The bloody wombats were getting in over the fence. We had no idea they could climb.

– Australian farmer Bill deCorsie, complaining that local marsupials were eating his truffles. (The bigger picture behind this, which is that the Australian agricultural industry has over the last couple of decades been rapidly moving (shall we say) up the food chain from relatively low value (but high quality) basic foodstuffs to high value products largely for export is quite an interesting one).

Utterly gobsmacked

Sometimes you read something that you have every reason to believe was written by a sane, intelligent and logical person, and you are shocked. Shocked at how incredibly twisted this sane, intelligent and logical person’s perspective could be regarding one singular subject their pen encountered. Tim Blair points out such an example. To quote the estimable Mr Blair’s post:

Graeme Blundell’s review of The Falling Man includes a curious claim:

In an extraordinary act of national media self-censorship, several days after the photograph appeared, it vanished. Papers across the US defended themselves against charges of invading a dying man’s privacy and turning tragedy into pornography. The photograph became impermissible. There was a deeply held belief the deaths of the jumpers weren’t proper, indeed that they were cowardly. [JW – Blair’s emphasis, not mine] The images that came to symbolise the day were of helmeted heroic rescuers working in the rubble and the jumpers disappeared to the shameful websites that traffic in autopsy photos and videotapes of executions.
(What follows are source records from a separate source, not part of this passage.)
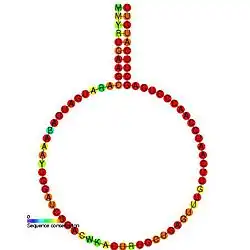 ![]() Predicted secondary structure and sequence conservation of SNORD69 | |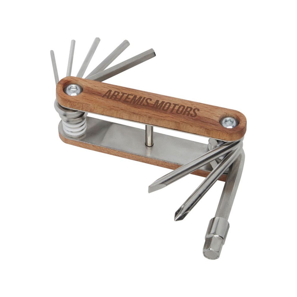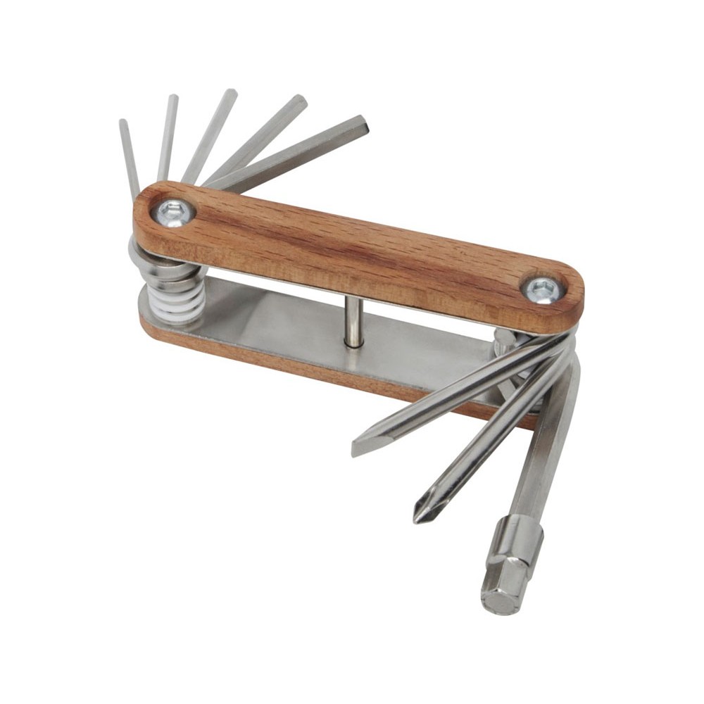 Прочный и долговечный компактный многофункциональный инструмент для велосипедов из высококачественной нержавеющей стали с ручками из буковой древесины. Это обязательный инструмент для каждого любителя велосипедов на случаи непредвиденного ремонта. Имеет 8 необходимых инструментов для велосипедов: шестигранный ключ (2 мм/2,5 мм/3 мм/4 мм/5 мм/5,5 мм/6 мм), крестообразная и плоская отвертки. Используемая буковая древесина поступает от надежных поставщиков, соблюдающих все экологические и социальные нормы. Размер в открытом состоянии 19,5 x 3,6 см, а в закрытом — 9,6 x 3,6 см. Поставляется с инструкцией по эксплуатации и упакован в подарочную коробку из переработанного картона размером 12 x 4,5 x 4 см.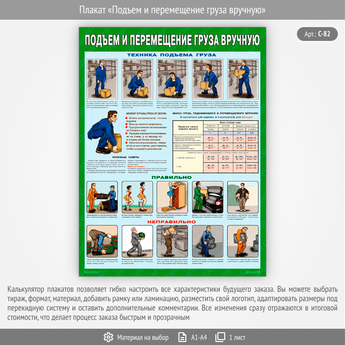 Плакат «Подъем и перемещение груза вручную» (С-82, 1 лист) в Обнинске купить

The commenters at Tim’s site rightfully voiced their disgust at such a sentiment. I could not help but marvel at the sheer ignorance betrayed by the author’s reading of events, too. I quite confidently assert, with no supporting evidence, that not one media outlet in the Western world even briefly pondered cowardice as a motive of those wretched jumpers. The fact that Blundell so egregiously detects this wildly inaccurate perception as a “deeply held belief” amongst many suggests to me that this is his own delusion, which is where the ignorance part introduces itself. When trapped out on a stricken building’s precipice – with intolerable heat and the promise of excruciating pain at one’s back and cool, open air at one’s front – people do jump. I cannot possibly know or understand what would be running through a desperate victim’s mind at a time like that, but I would guess that a very basic, elemental survival mechanism – buried deep in our ancient animal instincts and wholly unencumbered by conscious and cerebral rationality – might well be invoked. Step back into a hellish inferno and certain death. Step forward into benevolent – tragically fleetingly benevolent – open air and possible survival. Only one profoundly ignorant of the human condition would mistake the latter choice as an act of cowardice.
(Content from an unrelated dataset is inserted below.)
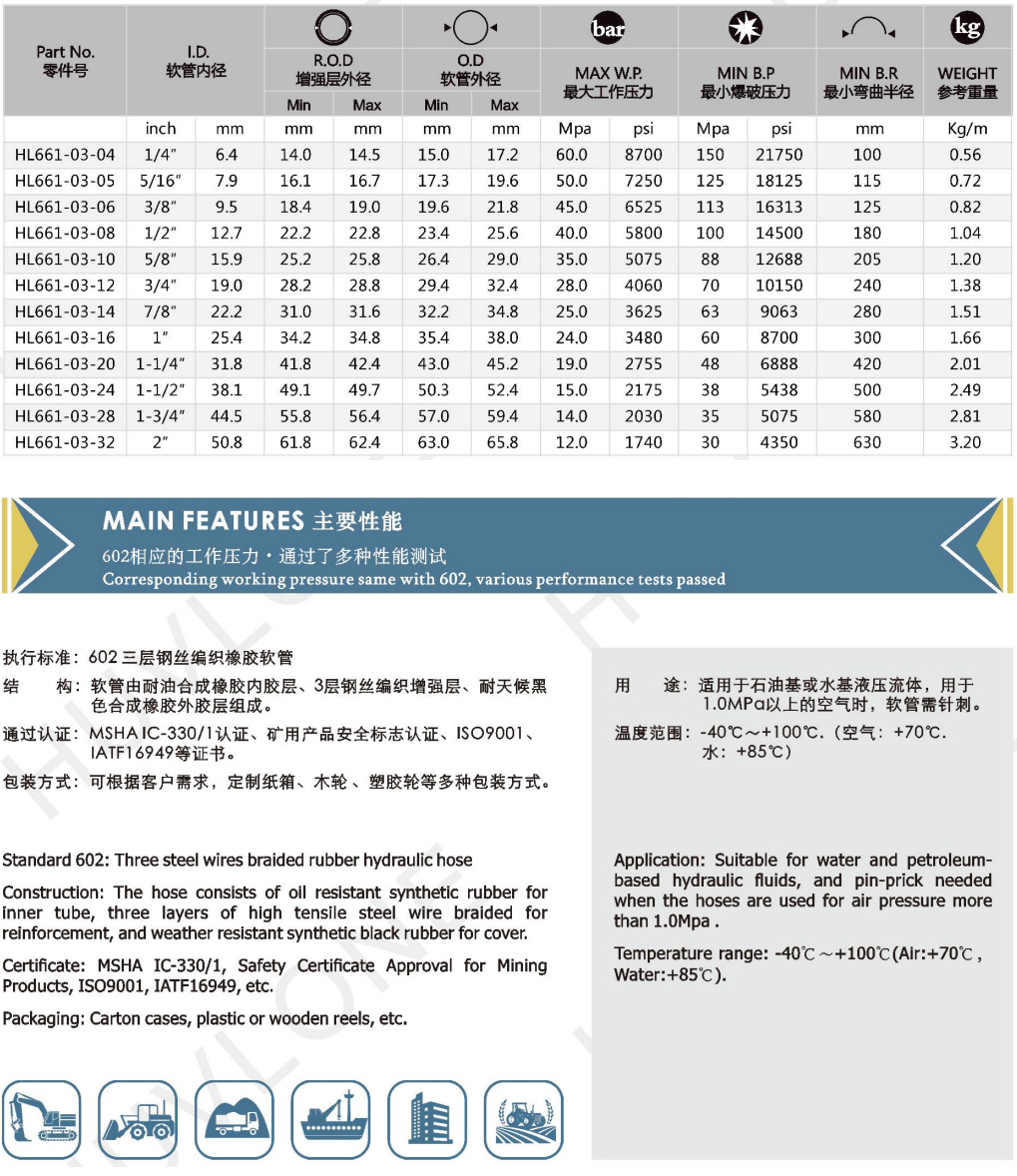 產(chǎn)品用途:適用于石油基或水基液壓流體,用于1.0MPa以上的空氣時(shí),軟管需針刺。

On a lighter note; since I have mentioned Tim Blair here, I may as well press an unrelated fact. The man is right up there with the very wittiest writers in the blogosphere. In the middle of a gadfly-esque post confronting the Australian Broadcasting Corporation’s marketing of a book published by them (the book is also written by an ABC science broadcaster) – whereby Blair contrasts a strident and hyperbole-ridden stance towards the rather wacky and more-or-less harmless Intelligent Design movement with the ABC’s generally sheepish reaction to the world’s most dangerous religious phenomena – we stumble across Exhibit A:

I’m not religious, so I don’t have a God in this fight

Brilliant.

Israel took Hizbollah by surprise

Report here stating that Israel’s response to Hizbollah’s kidnapping of Israeli soldiers took Hizbollah by surprise, particularly the extent and ferocity of the IDF action, according to a Hiz deputy leader.
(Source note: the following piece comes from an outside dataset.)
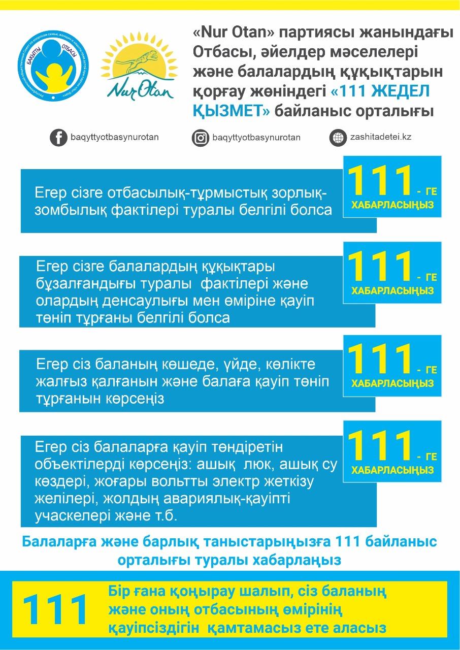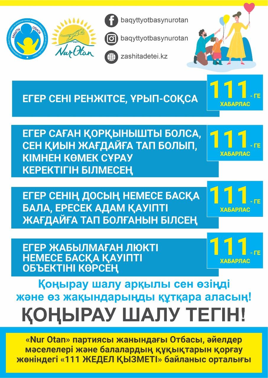14 қазан 2020 0 1 2 3 4 5 "NUR OTAN" ПАРТИЯСЫ ЖАНЫНДАҒЫ ОТБАСЫ, ӘЙЕЛДЕР МӘСЕЛЕЛЕРІ ЖӘНЕ БАЛАЛАРДЫҢ ҚҰҚЫҚТАРЫН ҚОРҒАУ ЖӨНІНДЕГІ "111 ЖЕДЕЛ ҚЫЗМЕТ" БАЙЛАНЫС ОРТАЛЫҒЫ Осы беттің QR-коды:QR-код этой страницы:

Given the determination of Israel’s armed forces to defend the tiny Jewish state over the years against a host of enemies, why some terrorist organisation like Hizbollah should be surprised is, frankly, surprising. In any event, this interview may suggest that Israel’s campaign to hammer Hizobollah may not be quite the debacle that some commentators have supposed. The jury is still out on the future of the current Israel administration, however.